> _What you have to do_: Look through the records that follow. Copy every line containing the word "with".

> _Supplied entries_:
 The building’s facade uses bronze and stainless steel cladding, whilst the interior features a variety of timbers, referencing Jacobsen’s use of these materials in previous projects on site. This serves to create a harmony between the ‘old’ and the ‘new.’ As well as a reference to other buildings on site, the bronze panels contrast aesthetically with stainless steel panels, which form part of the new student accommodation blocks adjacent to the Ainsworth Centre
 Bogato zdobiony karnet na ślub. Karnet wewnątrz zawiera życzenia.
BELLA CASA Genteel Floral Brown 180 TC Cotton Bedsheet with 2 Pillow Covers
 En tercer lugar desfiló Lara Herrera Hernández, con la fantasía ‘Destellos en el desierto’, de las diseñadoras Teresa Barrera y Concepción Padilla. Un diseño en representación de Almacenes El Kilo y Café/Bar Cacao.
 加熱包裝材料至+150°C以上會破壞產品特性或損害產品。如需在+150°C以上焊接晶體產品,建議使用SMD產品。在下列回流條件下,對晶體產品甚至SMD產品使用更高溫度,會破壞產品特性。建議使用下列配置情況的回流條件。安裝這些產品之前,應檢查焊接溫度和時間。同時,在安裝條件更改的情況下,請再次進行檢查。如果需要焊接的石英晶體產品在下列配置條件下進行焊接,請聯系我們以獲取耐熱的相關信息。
==
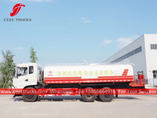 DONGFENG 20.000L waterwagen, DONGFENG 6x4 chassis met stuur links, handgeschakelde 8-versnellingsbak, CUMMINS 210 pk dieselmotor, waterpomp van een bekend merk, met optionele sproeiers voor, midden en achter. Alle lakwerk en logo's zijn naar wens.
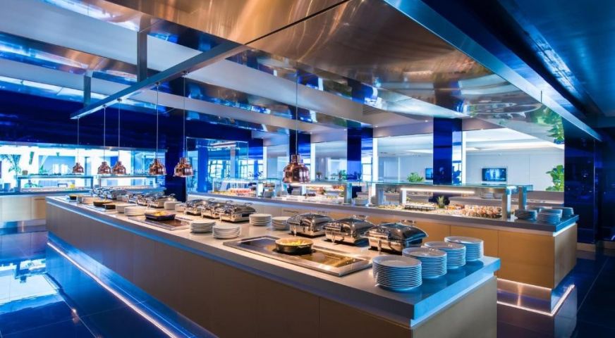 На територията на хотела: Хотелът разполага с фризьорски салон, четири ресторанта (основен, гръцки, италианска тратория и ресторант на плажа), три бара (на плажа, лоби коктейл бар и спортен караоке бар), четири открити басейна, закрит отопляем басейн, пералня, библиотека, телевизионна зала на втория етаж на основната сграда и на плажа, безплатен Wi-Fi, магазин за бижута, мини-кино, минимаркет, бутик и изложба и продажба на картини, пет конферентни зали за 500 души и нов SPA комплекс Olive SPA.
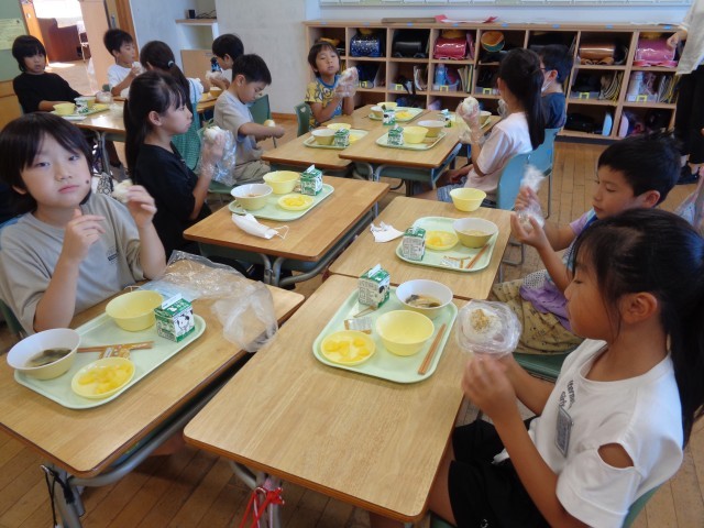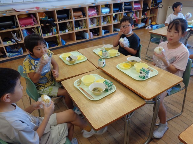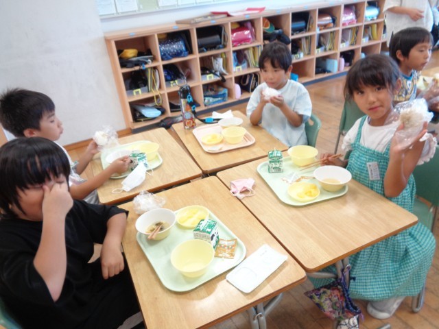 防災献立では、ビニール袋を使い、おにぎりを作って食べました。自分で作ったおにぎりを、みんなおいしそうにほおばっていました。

> _Your solution_:
 The building’s facade uses bronze and stainless steel cladding, whilst the interior features a variety of timbers, referencing Jacobsen’s use of these materials in previous projects on site. This serves to create a harmony between the ‘old’ and the ‘new.’ As well as a reference to other buildings on site, the bronze panels contrast aesthetically with stainless steel panels, which form part of the new student accommodation blocks adjacent to the Ainsworth Centre
BELLA CASA Genteel Floral Brown 180 TC Cotton Bedsheet with 2 Pillow Covers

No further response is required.